Benchmark to measure the training throughput of a 7B LoRA model and a 1.4B baseline on standard EC2 instances. Uses Terraform to manage instances.
To run this benchmark, you'll need to have an AWS account. You'll also need sufficient quota to spin up the number of g5.xlarge
instances that you want to test with.
You'll also need to obtain access to the meta-llama/Llama-2-7b-chat-hf
model on Hugging Face. If you haven't already, you'll need to create an account on Hugging Face and follow the instructions on the model's page.
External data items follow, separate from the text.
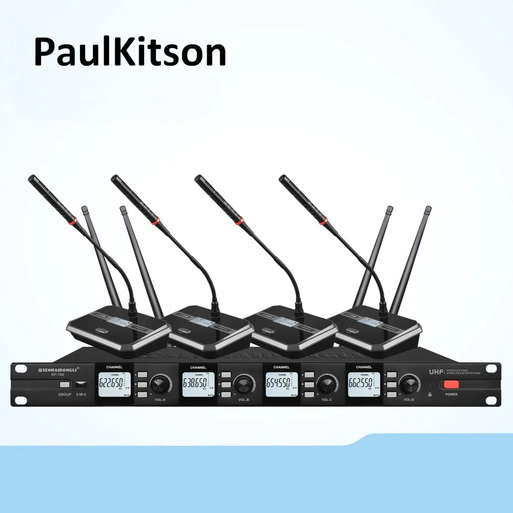 Comprar Paulkitson-micrófono Digital profesional KP740, accesorio inalámbrico de 4 canales, UHF, con cuello de cisne, para reuniones
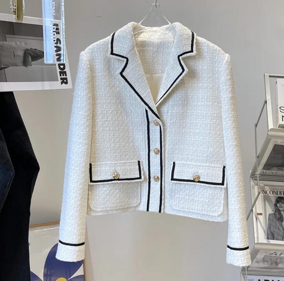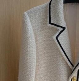 羽織るだけでフェミニンな雰囲気が漂うスーツカラーエレガントショートツイードジャケット。
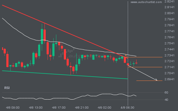 NGC/USD was identified around 2.714 after recently rebounding off the resistance on the 30 Minutes interval. Ultimately, the stock’s price action has formed a Falling Wedge pattern. This squeeze may increase the chances of a strong breakout. The projected move could take the price to around 2.6916.
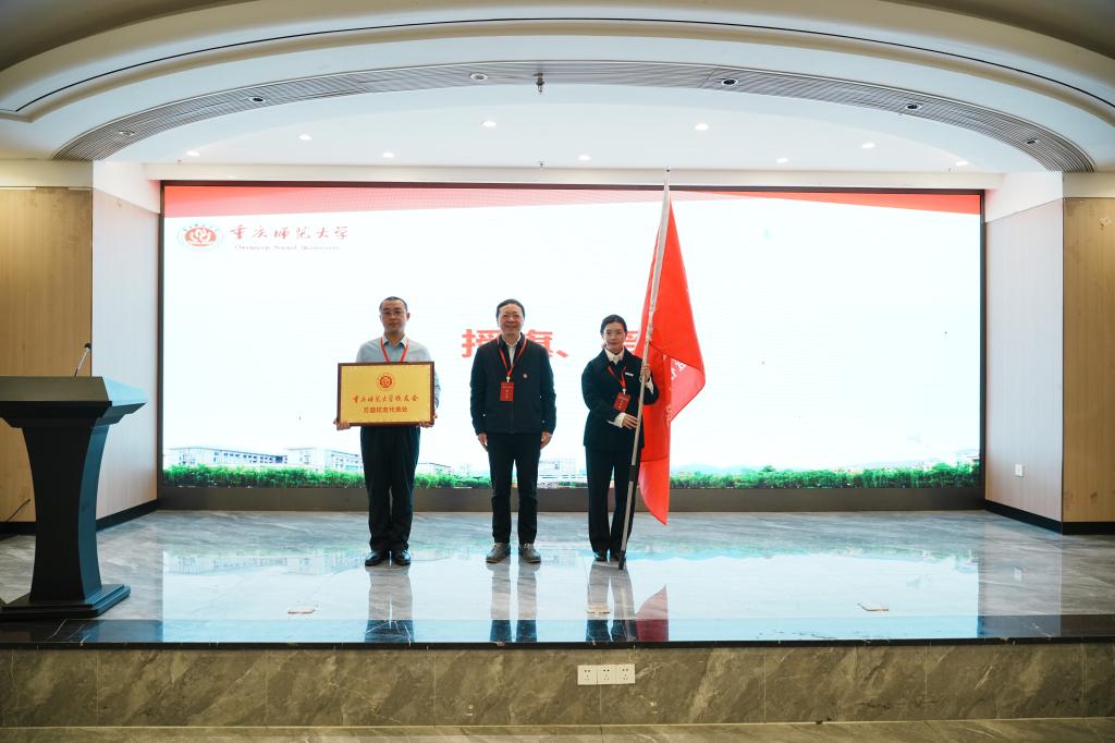 孟小军为理事颁发聘书,向会长张志伟、秘书长肖红梅授beat365中文官方网站校友会万盛校友代表处会牌、会旗,宣布beat365中文官方网站校友会万盛校友代表处正式成立。

Then, you'll need an HF access token for your account, which you can generate from this page.
- Install Terraform
- Run
pip install -r requirements.txt
- Install the AWS CLI and configure it with your credentials
terraform apply -var "public_key=$(cat $path_to_your_id_rsa_dot_pub_or_equivalent)"
First, wait 80 seconds or so for the instances to be ready.
$ sleep 80
Then, run the script that runs the benchmark:
$ python run.py --ssh-privkey-path $path_to_your_id_rsa_or_equivalent --hf-auth-token $your_hf_auth_token
After a while, after training runs are kicked off, you should see output like:
Node 0: Average step time ____ ms...
Node 0: Average step time ____ ms...
Node 0: Average step time ____ ms...
Node 0: Average step time ____ ms...
...
Make sure to tear down your Terraform stack once done, to avoid paying more than necessary for GPU instances.
$ terraform destroy -var "public_key="